The measure would hike property taxes for high-value second homes in New York City by varying amounts for one- to three-family homes with market values exceeding $5 million and condos and co-ops with assessed values over $300,000. (Assessed values are typically much lower than market values.)

The proposal made it to the state legislature’s runway last year but failed to take off, in part because lawmakers could not fix the co-op glitch: A co-op building pays a single property tax bill, but the pied-à-terre surcharge is supposed to apply to specific owners.

Lawmakers including Senate bill sponsor Brad Hoylman apparently would overcome that by having co-ops collect extra money from absentee owners of pricey units and pass the money along to the state.

If deemed unworkable, that could remain the legislation’s Achilles’ heel, but there is another reason it might pass this year: The state desperately needs money.

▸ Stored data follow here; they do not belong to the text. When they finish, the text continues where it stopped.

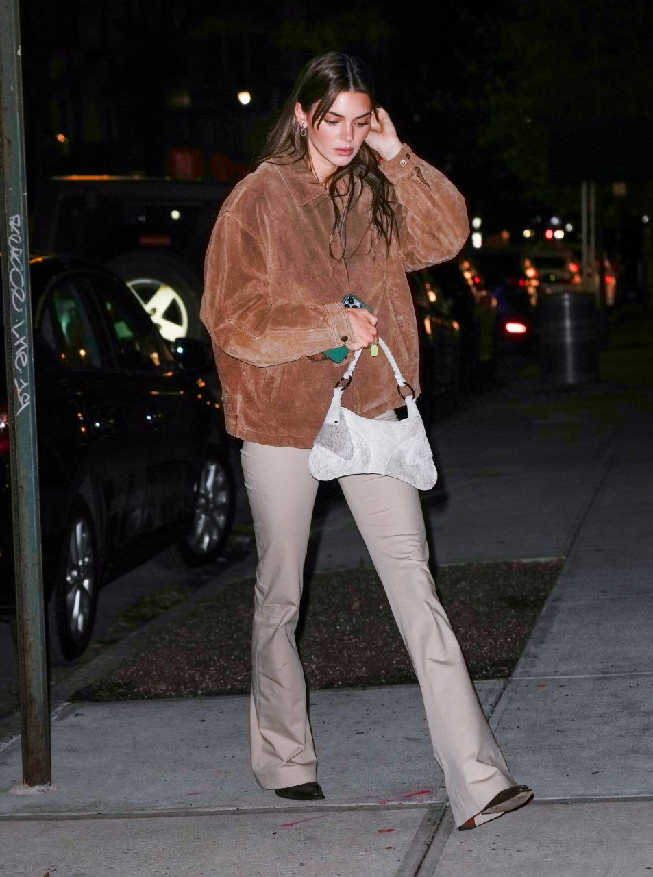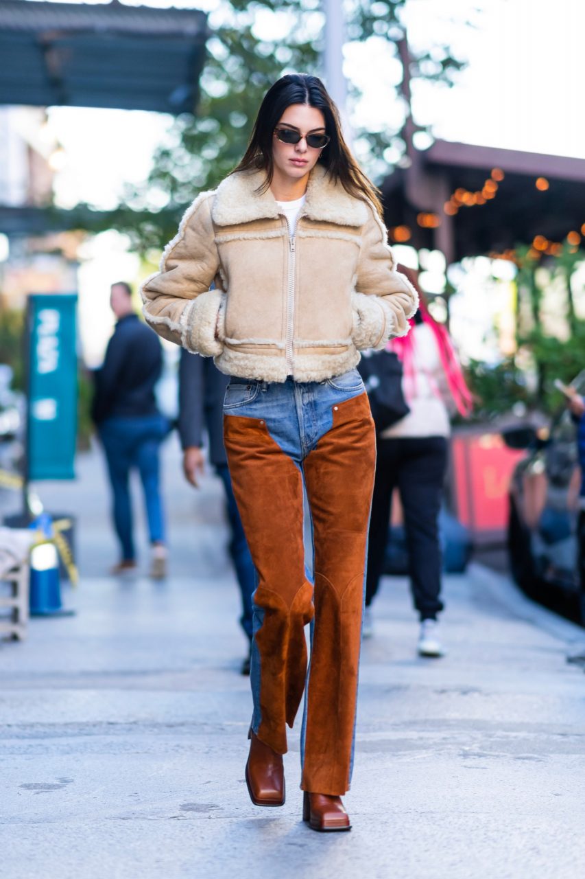 麂皮長褲同樣不是日常的感覺,未必是很多人首選,但其實穿起來是非常 Chic 的。Kendall Jenner 身上這款來自 Acne Studios 的牛仔布拼麂皮長褲,就讓人眼前一亮。不僅撞色還撞面料,材質、線條、形狀的有趣碰撞,時髦之餘也相當 Cosy。
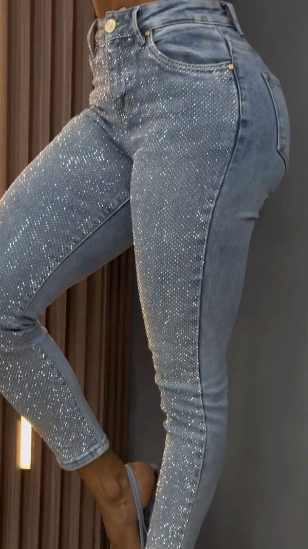 Women's Single-sided Elastic Rhinestone Slim Fit Casual Jeans
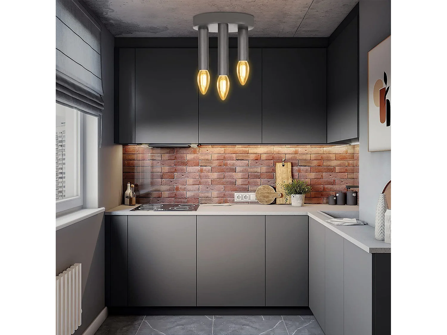 Suspension lustre et plafonnier gris
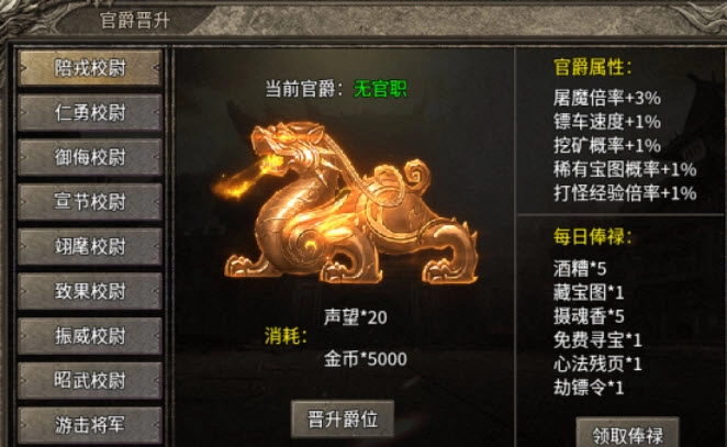 官爵晋升处晋升官爵每日可以领取大量福利。
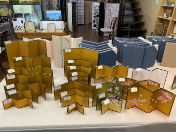 As I listened to Mr. Kataoka’s talk and gazed at the various large and small byobu on display in the showroom, my interest gradually grew, and I found myself dreaming more and more about what byobu I myself would like and where I would place them. Byobu combining both beauty and functionality are generating new usage. For example, they could be used as a stage prop in the background of a YouTube video, or maybe you could carry around a small byobu for use as a selfie background.
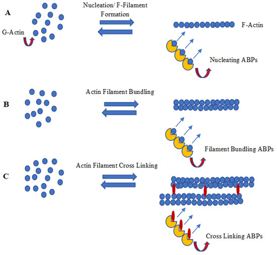 Actin is expressed in monomeric form, which is known as G-actin. The G-actin polymerises form a filament known as F-actin [58]. The formation of actin filaments by monomeric actin includes nucleation, polymerization/capping, and F-actin bundling and cross-linking activities. Many Actin-Binding Proteins (ABPs) are divided according to their association among G-Actin-binding/G-actin capping proteins and F-Actin regulators (ABPs), which are involved in either polymerization or depolymerization, and proteins that serve to crosslink and/or bundle the actin microfilaments [59]. The detailed pathway and the ABPs are involved in every step of actin microfilament formation.
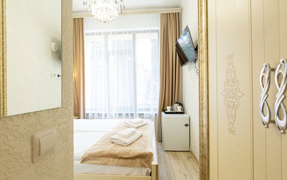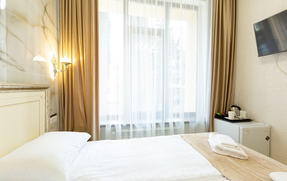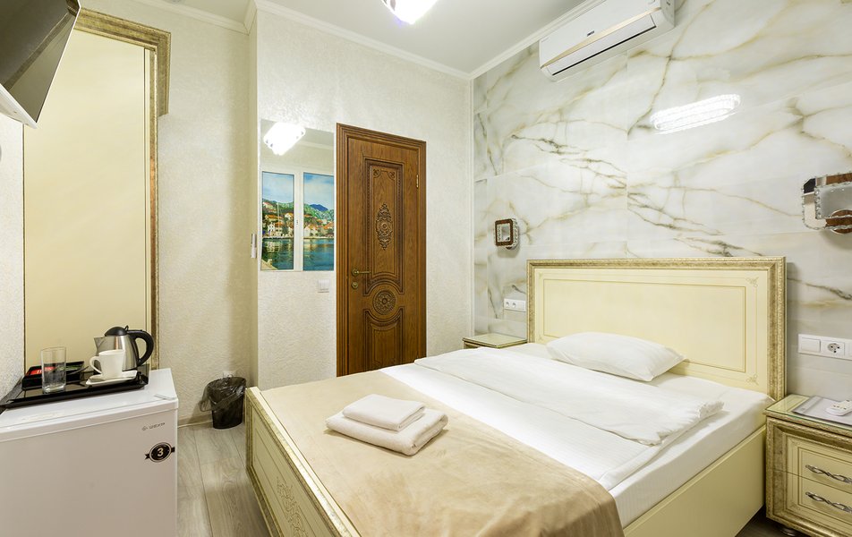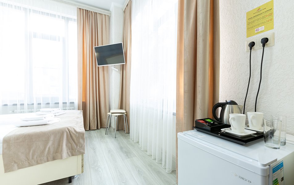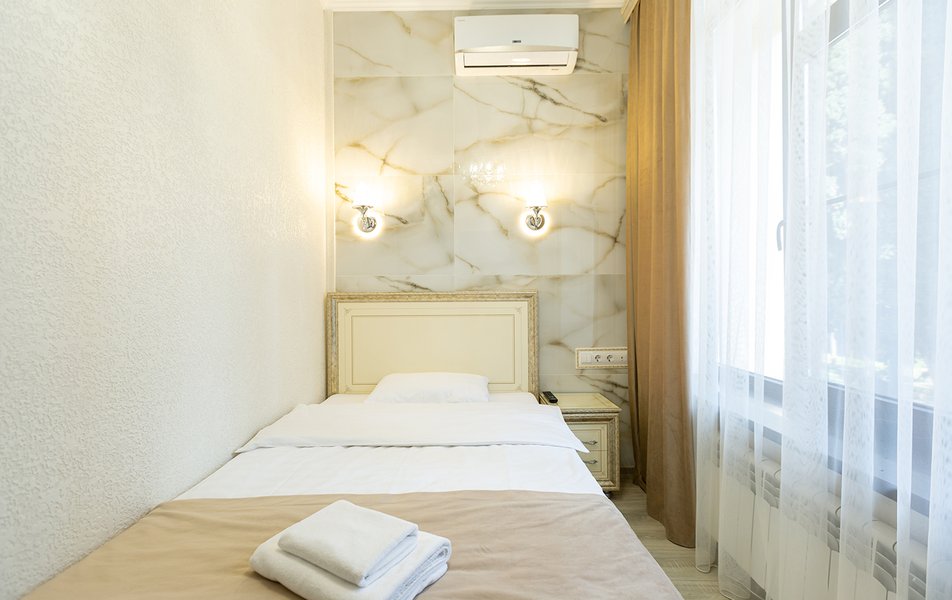Бюджетный 1-местный (без окна) Количество комнат: 1-комнатный Тип номера: Стандартный Вид из номера: без окна Кол-во номеров: 3 Кол-во основных мест: 1 Площадь (кв. м): 10 Мебель: зеркало, кровать односпальная, прикроватная тумбочка, шкаф Оборудование: кондиционер, мини-холодильник, набор посуды, сейф, телевизор ЖК, электрочайник Санузел: с душевой кабиной, туалетные принадлежности, фен Сервис: Wi-Fi бесплатно, room-сервис, смена полотенец, смена постельного белья, уборка номера
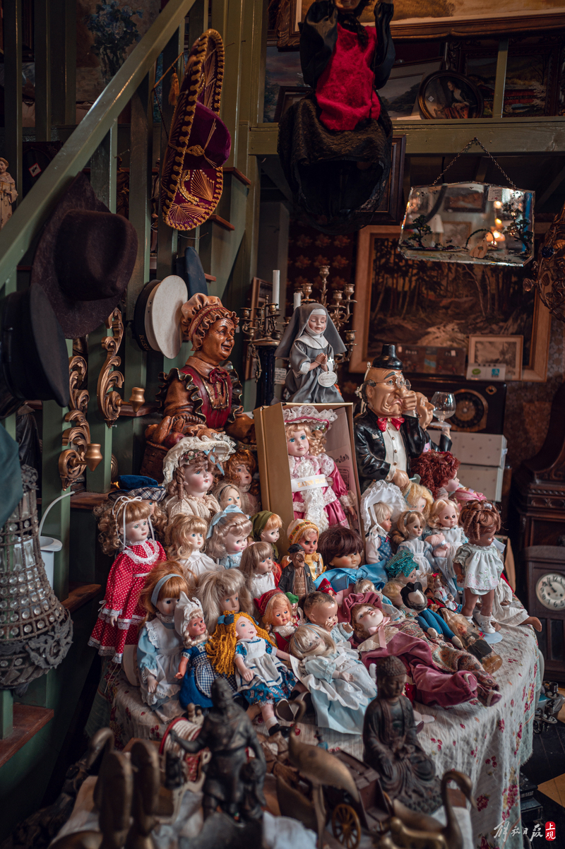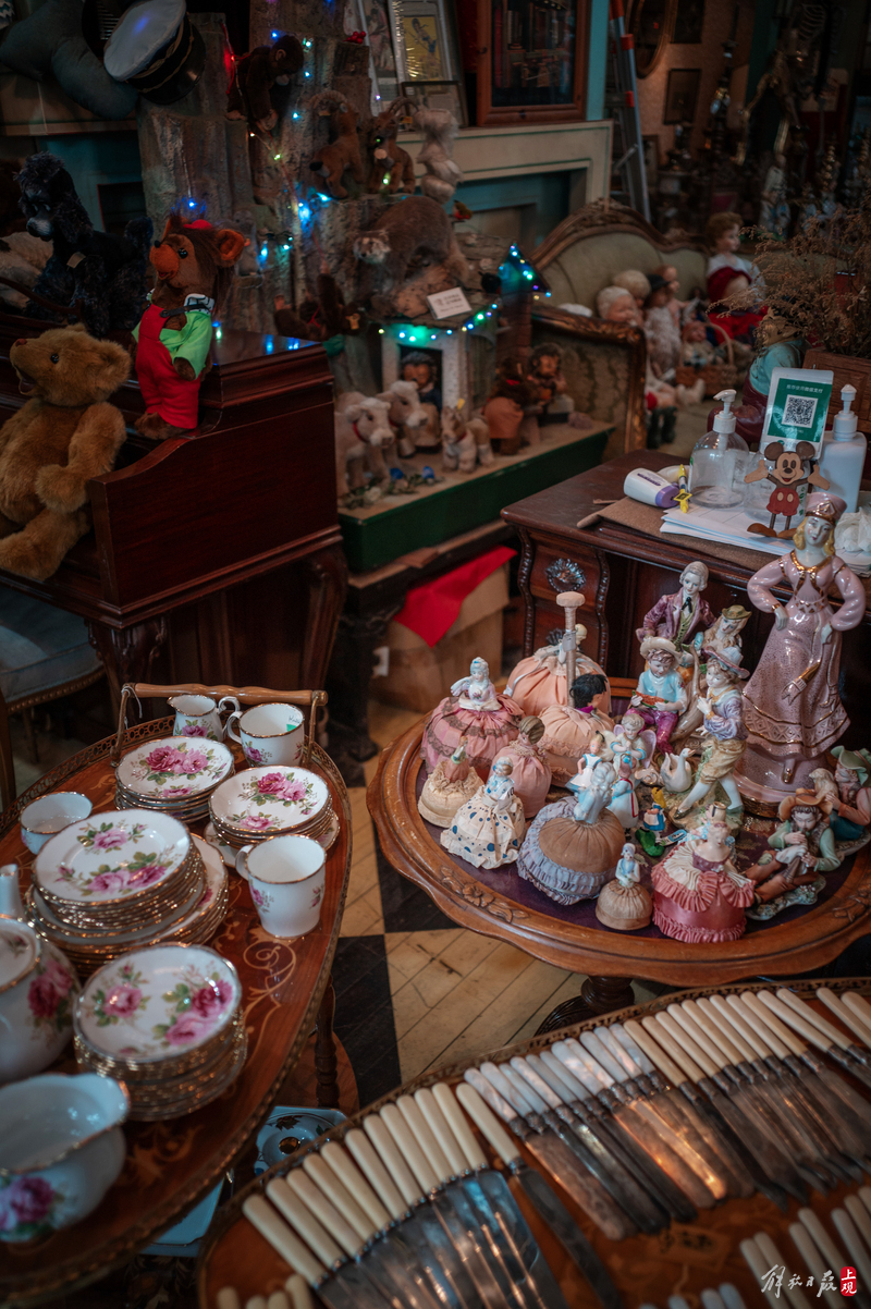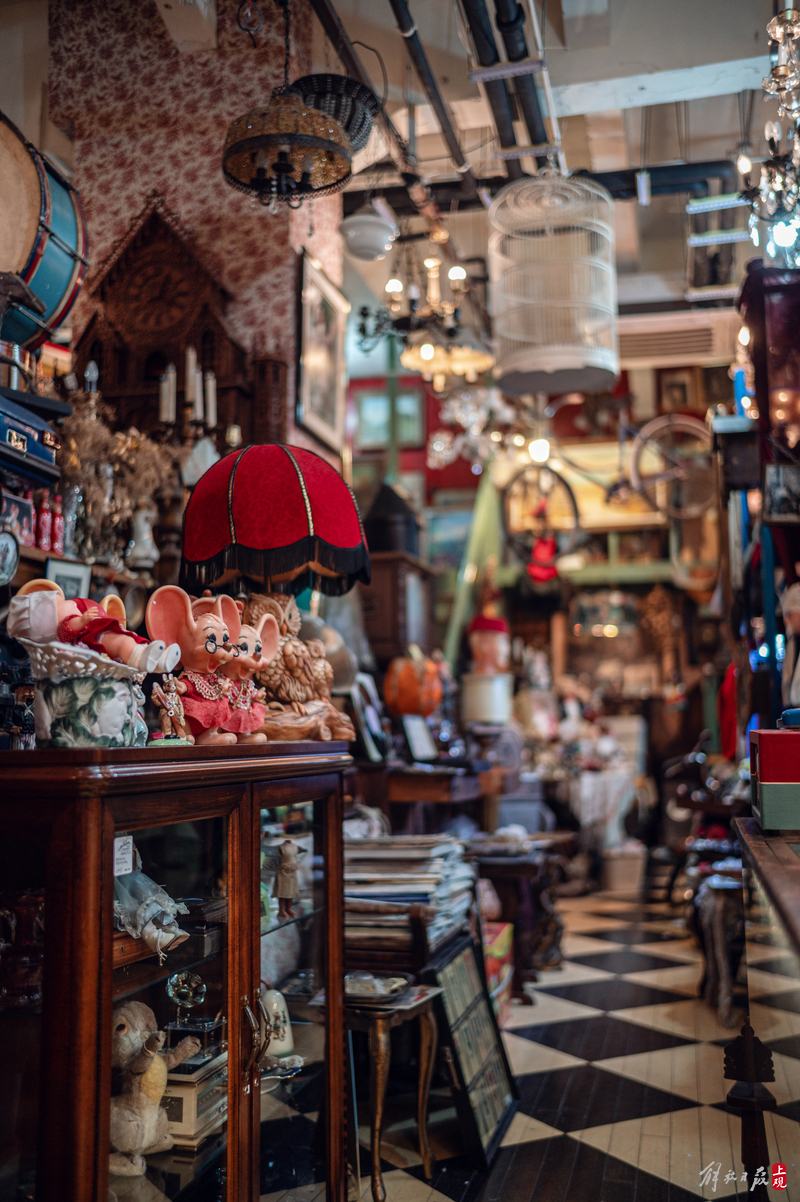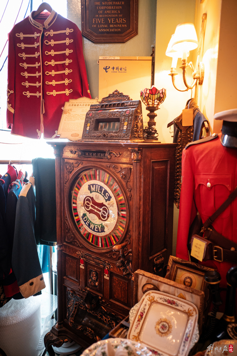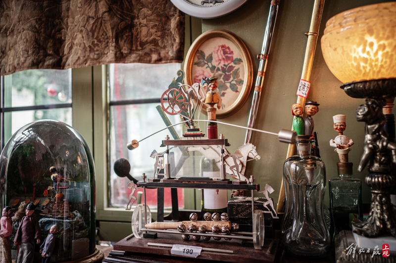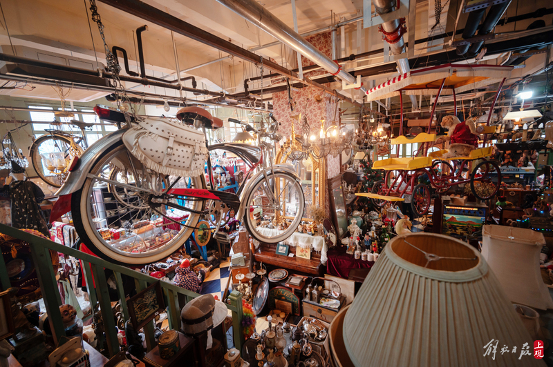 纹理斑驳的柜台上下,盛放着徽章、瓷器、洋娃娃;狭窄的过道旁,点唱机、游艺机、古董钢琴、100多岁的大型八音盒一字排开;高高的天花板上,欧式大小吊灯、古董自行车、跳舞的人偶,被天马行空地四处悬吊着。
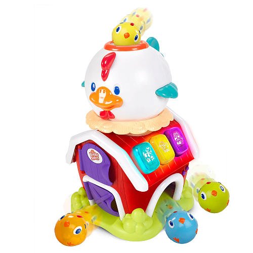 The Cluck and Learn Barn brings animal learning and ball drop surprise together to spark laugh out loud fun. Toddler can drop balls into the chicken to activate fun barnyard sounds, and to see which barn door they'll pop out of. Pressing the buttons teaches animal names and sounds while ball dropping fosters counting and playing all at the same time. Read moreReview Rating :
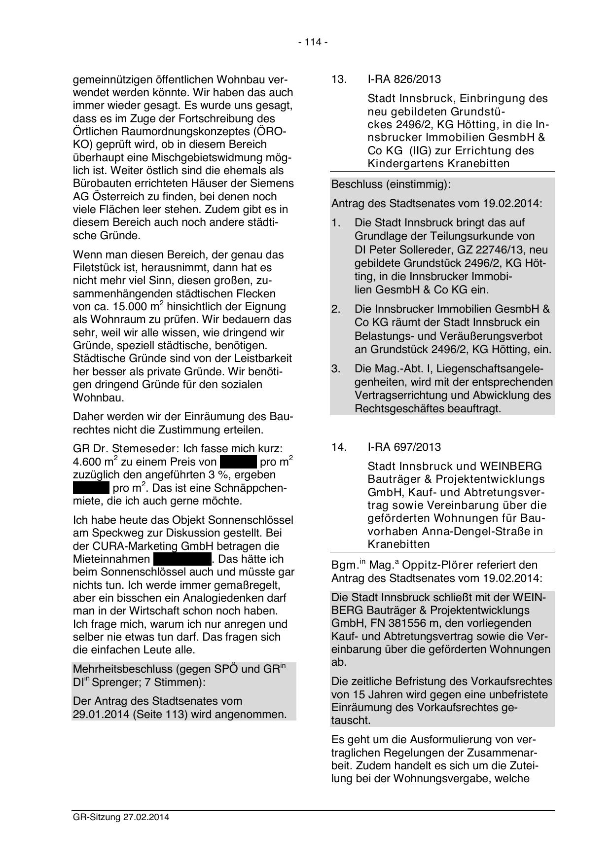 Mehrheitsbeschluss (gegen SPÖ und GRin
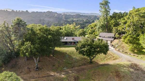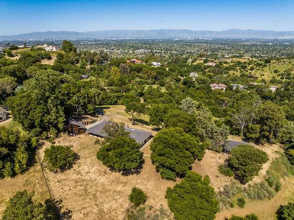 Awe inspiring vistas spread before you from this majestic knoll top setting. Just under 5 acres, this exceptional legacy property offers commanding views to the east affording sunrise, moonrise, city lights and occasionally snow-capped hills. Southern exposure has views of Saratoga Country Club while to the west experience evening sunsets over the open space preserve. This stunning and unique property surrounded by mature trees boasts a setting that epitomizes tranquility and natural beauty, a peaceful retreat from hustle and bustle of the valley yet minutes to town, schools and major commute arteries. Included are a main house with 2 bedrooms plus a den/office, ready for reimagining, 3-car garage with studio apartment above and a barn perfect for hobbies. Explore the possibilities of a vineyard. California's SB-9 (Senate Bill 9) provides the framework for a potential subdivision into two parcels offering flexibility for future development. Walk/bike to Fremont Older Open Space Preserve & Saratoga Country Club. Labeled photos & a video on the website show the property well. Property has public water, sewer, fiber optic and propane. You cannot see the house from the road. House is occupied. Do not walk the property.
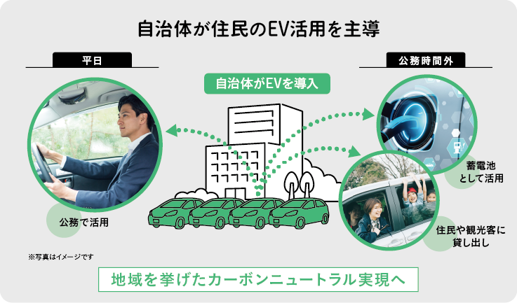 非常用電源やカーシェアに活用し、地域を挙げたEV化につなげる。
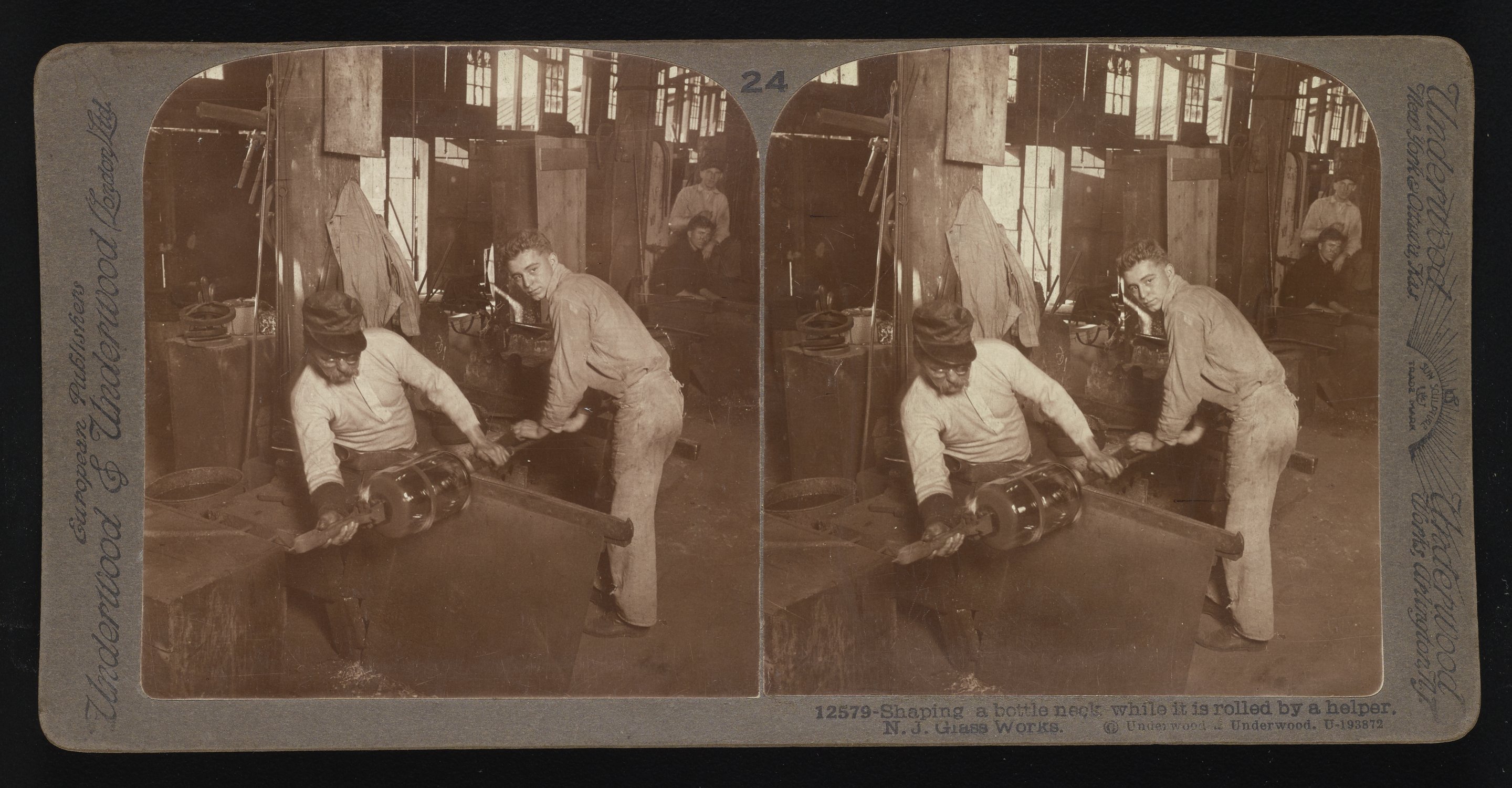 “Shaping a Bottle Neck, While It Is Rolled by a Helper.” Underwood & Underwood, n.d. Underwood & Underwood Stereographs of Manufacturing Industries. Science History Institute. Philadelphia. https://digital.sciencehistory.org/works/vd66vz89n.
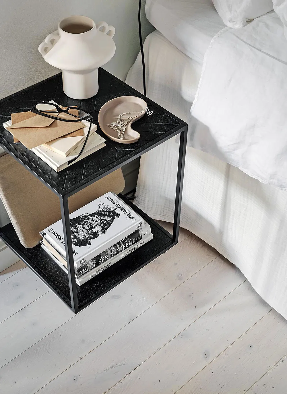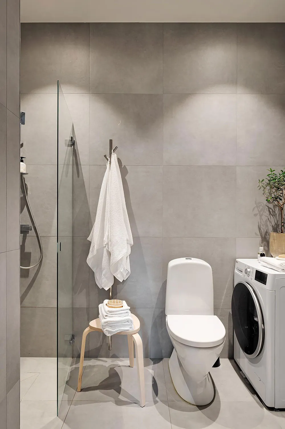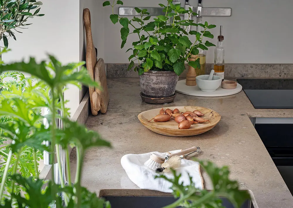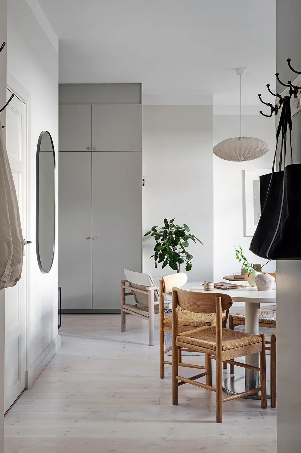 Intérieur beige à Gétteborg avec des détails floraux chaleureux

Cuomo was looking for $15 billion in federal aid to close the massive budget deficit opened up by the pandemic shutdown, but got zero, and now Congress has adjourned through Labor Day. At some point the state will start running out of cash to pay its bills, and Assembly Speaker Carl Heastie and Senate Majority Leader Andrea Stewart-Cousins have said they are open to tax increases. “If we don’t get the money from Washington, we’re going to have to look to our own tax base,” Hoylman recently told City & State.

The Metropolitan Transportation Authority, meanwhile, needs about $12 billion to keep trains and buses running. The transit system’s need for capital funding was the impetus for the pied-à-terre tax last year, when New York was humming. Now its economy is a wreck.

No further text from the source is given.